问题
I am working on a program based on Jaccard Distance, and I need to calculate the Jaccard Distance between two binary bit vectors. I came across the following on the net:
If p1 = 10111 and p2 = 10011,
The total number of each combination attributes for p1 and p2:
M11 = total number of attributes where p1 & p2 have a value 1,
M01 = total number of attributes where p1 has a value 0 & p2 has a value 1,
M10 = total number of attributes where p1 has a value 1 & p2 has a value 0,
M00 = total number of attributes where p1 & p2 have a value 0.
Jaccard similarity coefficient = J =
intersection/union = M11/(M01 + M10 + M11)
= 3 / (0 + 1 + 3) = 3/4,
Jaccard distance = J' = 1 - J = 1 - 3/4 = 1/4,
Or J' = 1 - (M11/(M01 + M10 + M11)) = (M01 + M10)/(M01 + M10 + M11)
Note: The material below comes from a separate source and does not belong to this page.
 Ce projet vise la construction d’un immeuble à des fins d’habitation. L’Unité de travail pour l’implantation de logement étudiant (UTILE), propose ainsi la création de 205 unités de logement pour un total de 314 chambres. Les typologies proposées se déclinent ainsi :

= (0 + 1)/(0 + 1 + 3) = 1/4
Now, while calculating the coefficient, why was "M00" not included in the denominator? Can anyone please explain?
回答1:
Jaccard coefficient is a measure of asymmetric binary attributes,f.e., a scenario where the presence of an item is more important than its absence.
Since M00 deals only with absence, we do not consider it while calculating Jaccard coeffecient.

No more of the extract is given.